In [1]:
import pandas as pd
import numpy as np
import networkx as nx
import matplotlib.pyplot as plt

Learning goal: To consider effective implementations of nearest neighbor search. 

Consider the nearest neighbor search problem: Given a dataset of n objects $X = {x_1,...,x_n}$ and a query object $q$, we want to find the object $x∗ \in X$ that minimizes the distance $d(q, x)$, that is,

$$d(q, x∗) \le d(q, x) \quad \forall x \in X. \quad (1)$$

Assume that computing the distance function d is very expensive. Assume now that we are able to define another distance function $d_{LB}$, which is a lower bound of distance $d$. This means that for all pairs of objects x and y it should be 

$$d_{LB}(x, y) \le d(x, y) \quad (2) $$

Furthermore, assume that computing $d_{LB}$ is significantly more efficient than computing d.

(a) Write pseudocode of an algorithm for the nearest neighbor search using distance d.

```
def d(x, y):
    # expensive distance function
    return <d_value>

def NearestNeighborSearch(X, q):
    min_distance = inf
    nearest_neighbor = None

    for each object x_i in X:
        dist = d(x_i, q)
        ff dist < min_distance:
            min_distance = dist
            nearest_neighbor = x
    return nearest_neighbor
```

(b) Explain how to use the lower-bound distance dLB to speed up the search algorithm of the previous part. Write pseudocode for the modified search algorithm.

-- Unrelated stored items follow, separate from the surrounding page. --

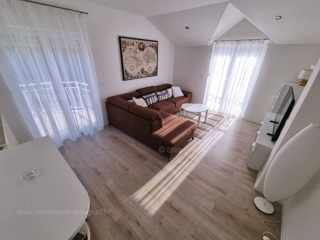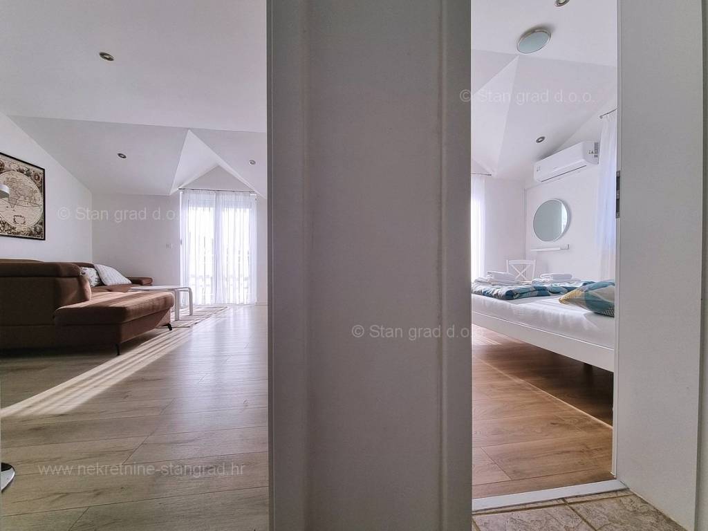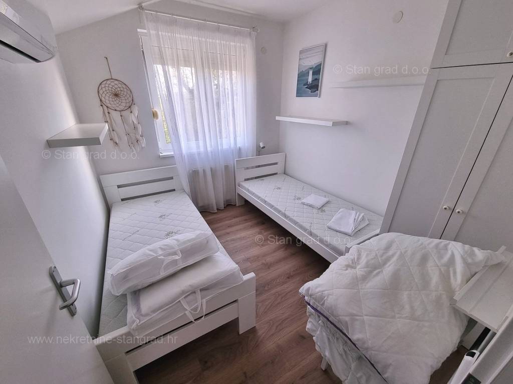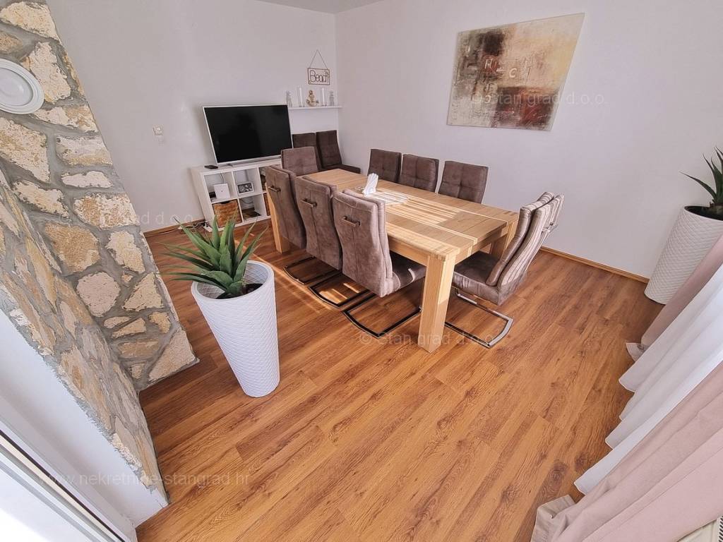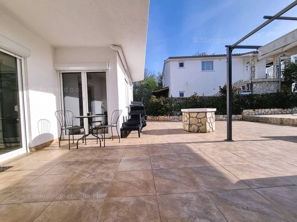 In the offer of our agency, on the super attractive northern Adriatic area of ​​the island of Krk, in Kvarner, a fully furnished tourist house is for sale, which provides the perfect atmosphere for spending annual and weekend vacations. This affordable house is located near the town of Krk, in a green location without city noise. Structurally speaking, this is a single-story house. The modern built house consists of a space distributed over a total of 2 floors. The house was built as a single-family building. The total area covered by this house is 200 m2. This area includes the living room and kitchen, 5 bedrooms, 3 bathrooms and a terrace. The interior of the property is fully equipped with new, high-quality technical devices and uniquely designed furniture. The added value of this entire facility is given by the garden with a swimming pool and sun deck. In the garden of this house there is enough space to park two cars. In addition to the above, it should be noted that the house has a beautiful view of this seaside place. The house in question is owned by a physical obligation and upon transfer of ownership is subject to the calculation of real estate transfer tax in the amount of 3%. The seller guarantees clean ownership documentation of the house and easy transfer of the property. Our team is waiting for you at the prominent address of the company's Kvarner office on the island of Krk. If you decide for us, the expert team of the brokerage office Stan Grad Immobilien will be happy to help you with the transfer of ownership of the property and the bill for utility connections in your name.
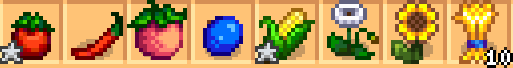 - 夏の作物(トマト、トウガラシ、ブルーベリー、メロン、とうもろこし、ポピー、ヒマワリ、コムギ10)
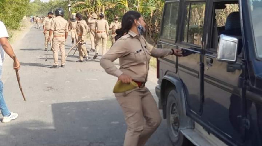 आज़मगढ़ जीयनपुर कोतवाली क्षेत्र के छपरा सुल्तानपुर गांव में रविवार को पुलिस व ग्रामीणों में हुए संघ...

We can use the Lower Bound distance to enable Early Stopping 

If the lower-bound distance $d_{LB}(x, q)$ for an object x is larger than d(y, q), where y is another object, then x cannot be nearer to q than y is due to the inequality 

$$ d(x, q) \ge d_{LB}(x, q) > d(y, q)  $$
Therefore, we can skip computing d(x, q). 

How to incorporate the lower-bound distance into the search algorithm?:

First, we compute the lower-bound distance for all objects in X. Then, we sort the objects in X according to their lower-bound distances, and call it X_sorted. Finally, we use X_sorted to perform the nearest neighbor search. If the lower-bound distance of an object x_i during the search is larger than the current true distance of the current nearest neighbor, then we can stop the search, since we know that all remaining objects in X_sorted are farther away from q than the current nearest neighbor due to the inequality above

The pseudocode: 

```
def d(x, y):
    # expensive distance function
    return <d_value>

def d_LB(x, y):
    # cheap lower bound distance function
    return <d_LB_value>

def NearestNeighborSearchLB(X, q):
    """
    Arguments:
        X: Data set of N objects {x1,...,xn}
        q: Query object
    Return:
        x*: Object in X that is nearest to q based on distance d  
    """
        
    # Initialize an array to store the lower-bound distances
    X_dLB = [] 
    
    # compute lower-bound distances
    for each object x_i in X:
        dist_LB = d_LB(x_i, q)
        X_dLB.append(dist_LB)
    
    # sort the objects in X according to their lower-bound distances
    X_zip_dLB = zip(X, X_dLB)
    X_zip_dLB_sorted = sorted(X_zip_dLB, key=x[1]) # sort X by dLB

    min_distance = inf
    nearest_neighbor = None

    # We perform the search on the sorted X based on dLB
    for each tuple x_i, dLB in X_zip_dLB_sorted:
        if dLB > min_distance:
            break 
            # early stopping, since all remaining objects are 
            # farther away than the current nearest neighbor
        
        # Important: only calculate d if dLB <= min_distance
        dist = d(x_i, q)
        if dist < min_distance:
            min_distance = dist
            nearest_neighbor = x_i
    
    return nearest_neighbor
```

(c) What is a desirable property for the lower-bound distance dLB to be as
effective as possible for the modified algorithm? Explain why.

Three properties are desirable for the lower-bound distance dLB to be as effective as possible for the modified algorithm:

1. The lower-bound distance should be as close as possible to the true distance. Good $d_{LB}$ will help as early as possible pruning data points that are far away from the query point.

2. The lower-bound distance should be as cheap as possible to compute. Otherwise, the cost of computing the lower-bound distance will be too high and will not help to speed up the search.

3. The lower-bound distance should be unique for each object as much as possible. Otherwise, the sorting step becomes trivial and we cannot carry out much pruning.